Lo importante para mí era que entendía aquellos fenómenos y que el mundo ilusorio que me acompañaba, era una diversión. Así lo había asumido.  Algo estaba allí que se presentaba de repente, que me distraía o divertía, pero que sabía perfectamente no era real.  Significaba una idea, que, aunque no la controlaba, no me hacía daño ni perturbaba mi tranquilidad o modo de vida. Y que si por acaso venía en aumento, cosa que yo pensaba podía suceder, lo asumiría con la misma calma que hasta ahora había tenido, seguro de poder vivir con aquella perturbación. Y sobre todas las cosas, sin miedos ni temores.
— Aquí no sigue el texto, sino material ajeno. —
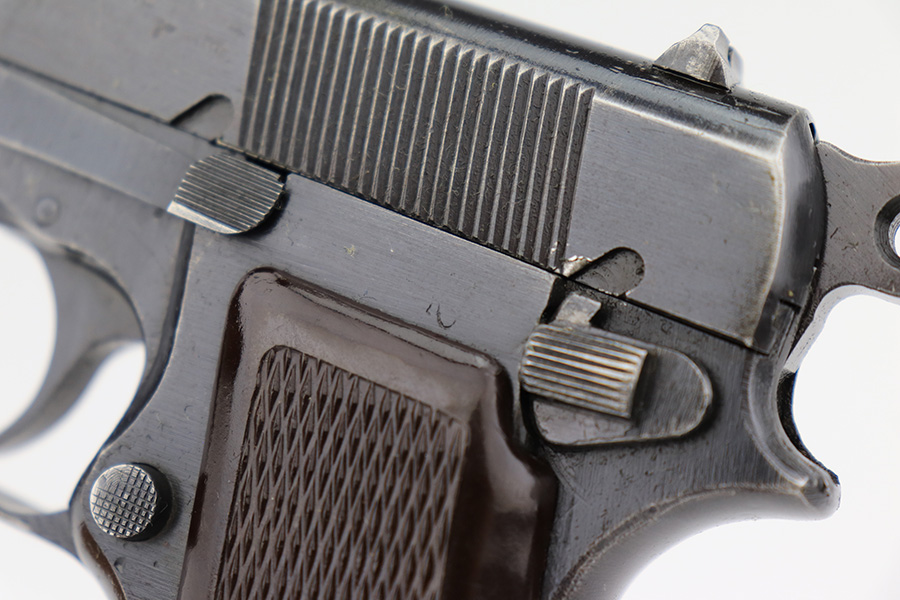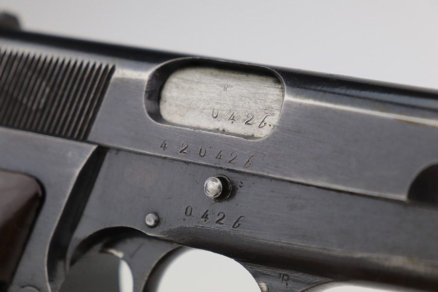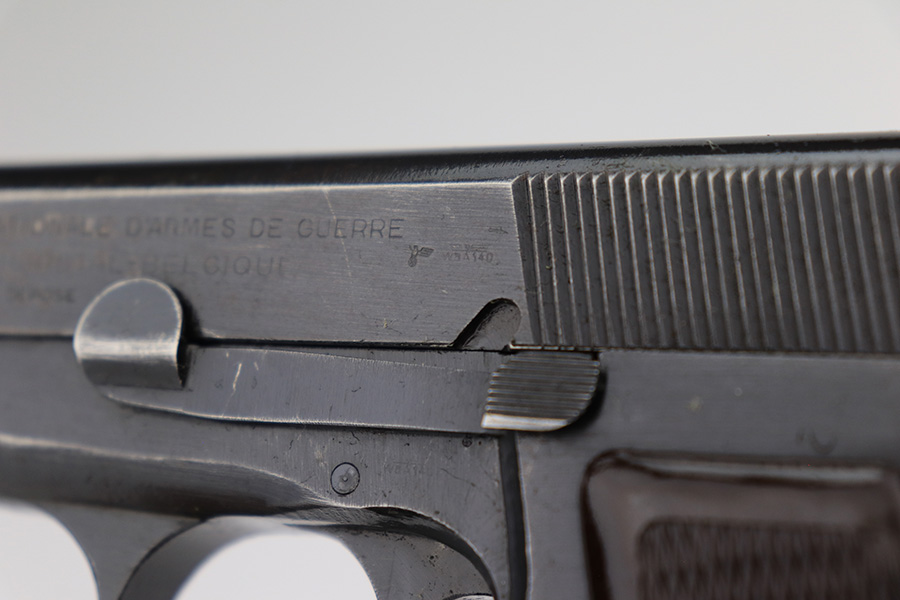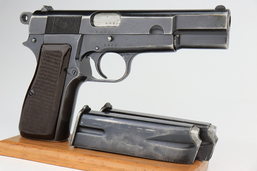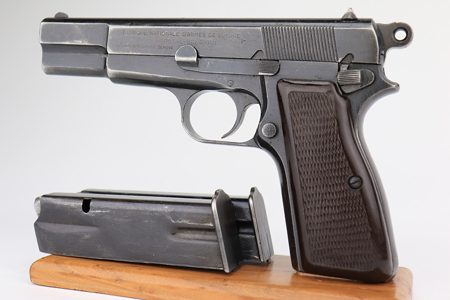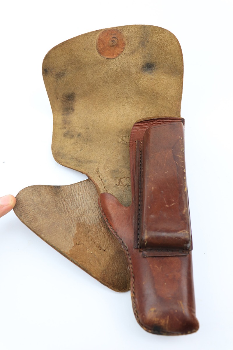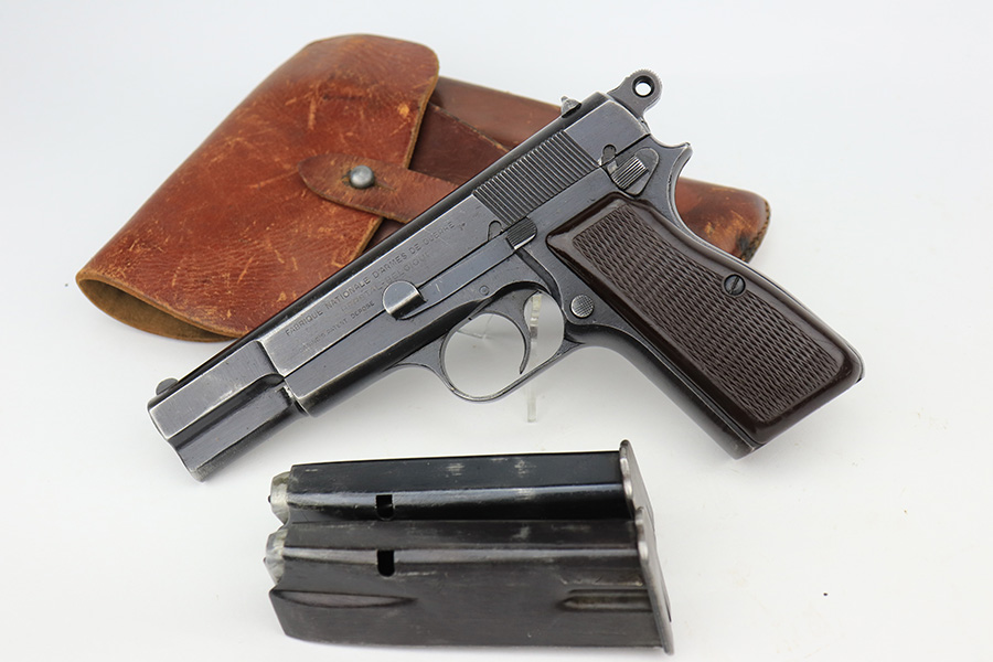 1/20/23 – This is a complete and original Nazi FN Browning High Power rig from ~1944. The pistol is matching throughout with 85-90% blue remaining. Holster wear on most of the high edges, and some finish loss on the straps. Excellent bore. Very nice grips with no cracks or chips. Two period original but unmarked mags. The rig is completed by a ‘dld’ maker-marked holster with sharp waffenamt and ’44 date. It shows some age and softening of the leather but no major issues.

Todo este proceso había sido excesivamente natural. Digo esto porque analizándolo en el tiempo, ahora comprendo lo del canto de los gallos y el cacarear de las gallinas en los gallineros del pueblo. Recuerdo esa sonoridad permanente que fluye de aquellos sitios, como un gorgoteo incesante a distancia, y de cómo fueron causa y motivo de centenares de ideas sobre ruidos y sonidos que no eran otra cosa que el canto a lo lejos de los gallos, o el ruido natural de los gallineros. Cuantas veces no imaginé pleitos de vecinos, llantos de mujer, alaridos de angustia, chirriar de cauchos, o los ecos de alguna distante algarabía de borracho por causa de la sonoridad nocturna del gallinero. La única responsable de transformar mis percepciones auditivas. Es decir, también los ruidos formaban parte desde siempre de aquel espectro ilusorio visionario.
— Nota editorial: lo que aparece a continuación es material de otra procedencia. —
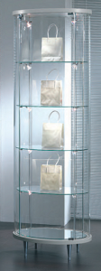 Vetrina ovale piccola cristalli temperati - ripiani regolabili in altezza - piedini H 13 cm - base a specchio - Dimensioni 64x44x190h - Con faretti a led 4000° K su due lati

Cuando las cosas y la gente empezaron a sentir el paso y el peso de los años duros, yo no fui la excepción. Decía mi padre “la necesidad tiene cara de hereje”. Los golpes me habían enseñado en buena parte que no había que mirar hacia atrás para emprender un nuevo oficio. Por eso me acostumbré, sin un empleo estable, a ser una especie de saltimbanqui. Hasta que, con mi cara de hereje, esa necesidad me condujo a ocupar posiciones de trabajo en horarios nocturnos. No podía acostumbrarme aún al cabalgamiento de aquellas jornadas que empataban un día con el otro. Con frecuencia me quedaba dormido en los vagones del tren. Entre dormido y despierto, solía dar cabezazos de sobresalto. Una mañana calurosa tuve una visión inesperada. Al despertar, tras uno de esos convulsivos cabeceos, allí estaba. Ocupando los dos puestos de la butaca que justo estaba frente a mí, se encontraba descansando en posición fetal una extraña figura agazapada y encogida. Como en cuclillas, un ser que simulaba ser humano, mitad hombre mitad mujer. Dotado extrañamente el rostro con pómulos filosos. Sin piel. Su cuerpo, cubierto por carnes de un color cetrino que más bien parecían pellejos adheridos al hueso, traía un colgajo entre las piernas. Un descomunal prolapso. Las vísceras al descubierto, invadidas por decenas de moscas. No atinaba a descubrir si el color negro que cubría a retazos sus fétidas carnes eran pelos o insectos. Solo al volar, cuando el tren daba sacudidas, supe que se trataba de ellas. Aquel espectro de hedor nauseabundo se removía entre sus propios excrementos y con ellos, alimentaba a un sarnoso animal que lamía desesperadamente sus inmundicias. Desdentado y balbuciente, hizo un torpe ademán, como de querer extender un miembro hacia a mí, logrando que mi espalda se comprimiera fuerte y ferozmente contra el respaldar del asiento que ocupaba. Tanto hedor y asquerosidad juntas en un lugar público de uso colectivo, tenían que tener necesariamente un origen irreal.

Confieso que aquella fue mi primera reflexión. No podía ser sino una travesura de la imaginación. ¿Cómo fui capaz de interpretar esa irrealidad? ¿Cómo esa mañana supe descubrir el misterio de aquella alucinación? ¿Cómo pude controlar la bestial visión? Sinceramente, debo confesar que no lo sé. Probablemente, todas esas cosas sobre mi propia imaginación, aquellos afanes de infancia sobre el manejo de los sueños tal vez den alguna razón del porqué pude en ese momento tener control sobre las visiones que creaba mi enfermedad. Me cuesta un poco decir o reflexionar sobre mis propias cualidades intelectuales, pero pienso que quizá, por allí este la explicación. Puede valer la opinión de algún experto en la materia. Eso es algo que voy a considerar para más adelante.